Building a Vacation Rental Business From Zero to Fifty-seven Properties

Feb 5, 2026 | General

Starting a vacation rental business during a global pandemic while relocating your entire family across state lines sounds like a recipe for disaster. For brother–sister duo Taylor Moore and Danielle Giancola, it became the foundation for building Nomadic Vacays from zero to fifty-seven properties in Naples, Florida in just over four years.

Their unconventional approach defied standard industry wisdom about scaling gradually. Instead of starting small and adding infrastructure later, they built systems designed for 100 properties from day one. When Streamline initially told them they were too small for the platform, they insisted on implementing it anyway, understanding that software and automation would become their competitive advantage.

This episode of The Vacation Rental Show, hosted by Lynell Gordon, explores why Taylor and Danielle left high-level corporate careers in New Jersey to build a vacation rental legacy, how their 22-step onboarding process makes operations plug-and-play for any team member, and the hard lessons they learned about partnership alignment when their initial third partner didn’t share their vision.

This episode is sponsored by Rental Guardian.

Infrastructure First, Growth Second

We said we wanted to start with all the infrastructure even though we were a baby company. We want our back-end functions to be like we have 100 properties or more. Put the infrastructure together and streamline and all the partners with streamline too that helped us.

Most property managers start with basic tools and upgrade as they grow. Taylor and Danielle took the opposite approach, investing in enterprise-level systems before they had the revenue to justify them. This counterintuitive strategy required significant upfront investment but eliminated the painful migration projects that plague companies trying to scale with inadequate technology.

When they approached Streamline as a new company, the response was that they were too small for the platform. Taylor and Danielle pushed back, explaining that they understood the importance of having everything in one central place from the beginning. They weren’t building for where they were but for where they intended to be.

The decision extended beyond property management software. They partnered with Thorough Accounting for financial management, Rental Guardian for protection products, and RingCentral for communications. Having all core functions integrated under one umbrella with partner systems that communicated seamlessly created operational efficiency that companies five times their size struggle to achieve.

This infrastructure-first approach meant they could focus on growth and owner relationships rather than constantly retrofitting systems. When opportunities arose to add properties, they had the capacity to onboard them without operational chaos.

The 18-Month Immersion Strategy

Immerse yourself. Know that you’re gonna put your head down for a year to 18 months and immerse yourself in every aspect of the business. We were side by side, like 16 hours a day at the kitchen table, and we learned it all from the ground roots.

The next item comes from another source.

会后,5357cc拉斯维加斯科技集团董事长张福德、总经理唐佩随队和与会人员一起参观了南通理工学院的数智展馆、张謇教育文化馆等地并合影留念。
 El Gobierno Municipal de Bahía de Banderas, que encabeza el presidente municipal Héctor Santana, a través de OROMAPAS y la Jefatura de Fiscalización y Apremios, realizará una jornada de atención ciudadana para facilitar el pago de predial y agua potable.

Taylor and Danielle didn’t hire operational managers and delegate from day one. They spent the first 18 months working 16-hour days at their kitchen table, learning every aspect of the business themselves. This immersive approach created a knowledge foundation that now enables them to train team members effectively and spot problems before they escalate.

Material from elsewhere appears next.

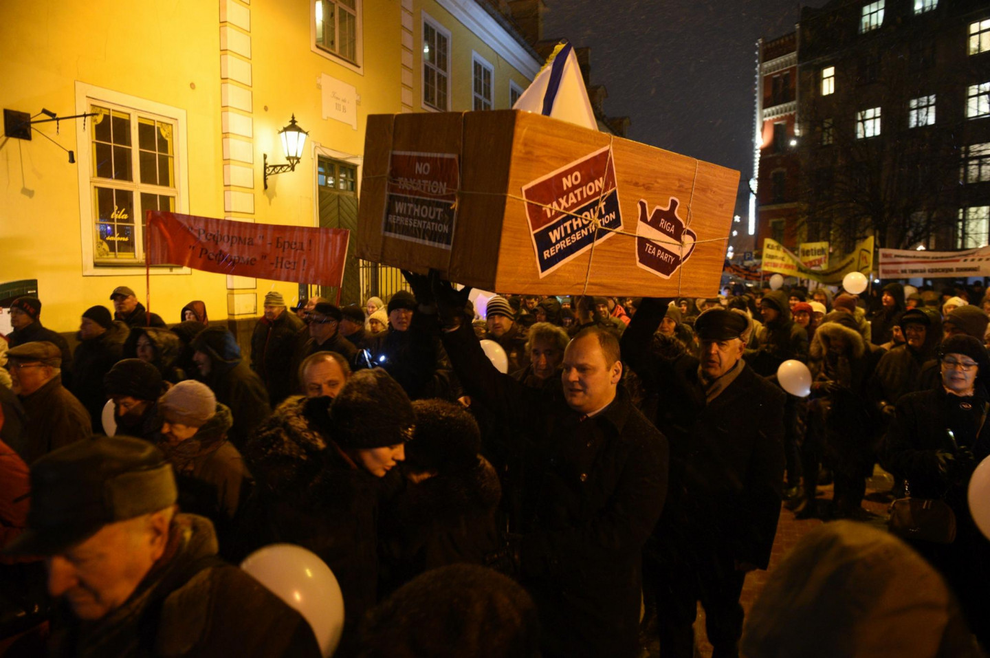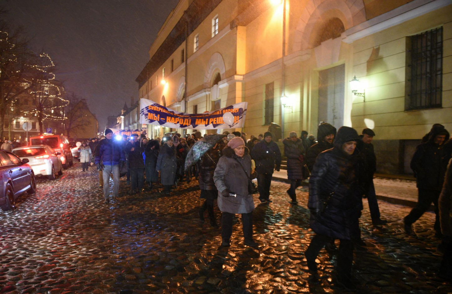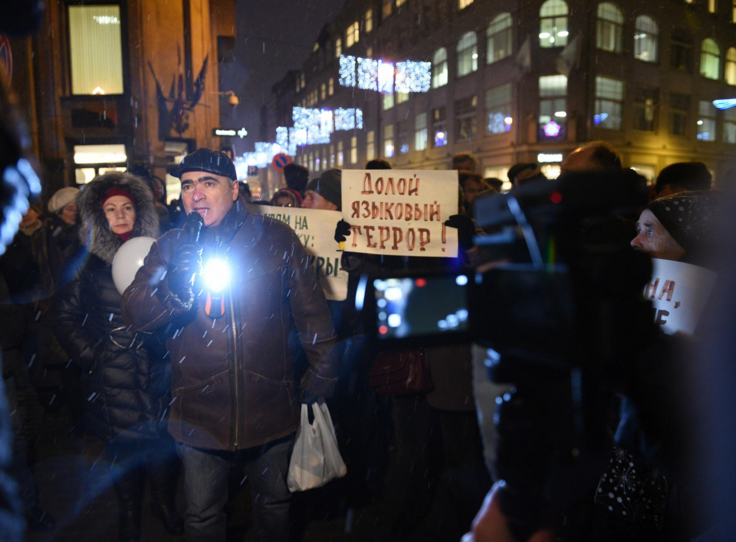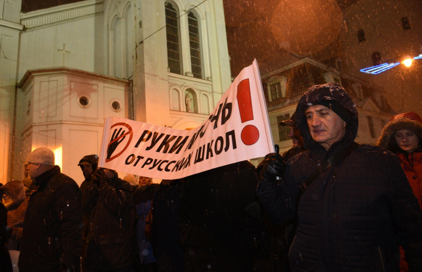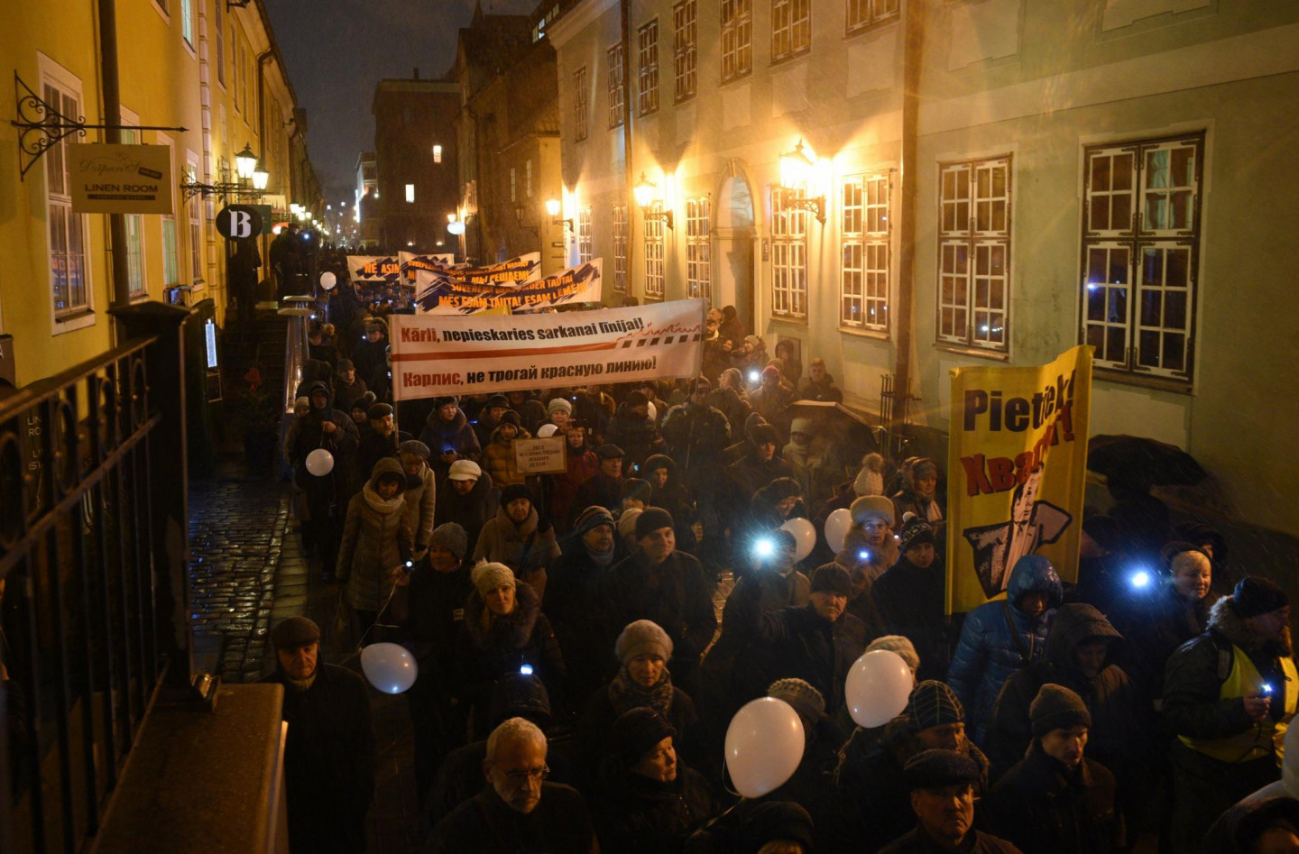Šodien Rīgā pulcējās vairāki simti cilvēku, kuri protestēja pret to, ka skolās varētu notikt pāreja uz mācībām latviešu valodā.

The intensity of that learning period cannot be overstated. They handled guest communications, cleaned properties when cleaners didn’t show up, managed vendor relationships, processed reservations, and built financial systems simultaneously. It was exhausting, all-consuming work that tested their commitment to the business.

But that investment pays dividends every day now. Because Taylor and Danielle personally performed every function, they can evaluate whether team members are executing properly. They can write training materials from direct experience rather than theory. They can troubleshoot issues that would stump managers who never worked in the trenches.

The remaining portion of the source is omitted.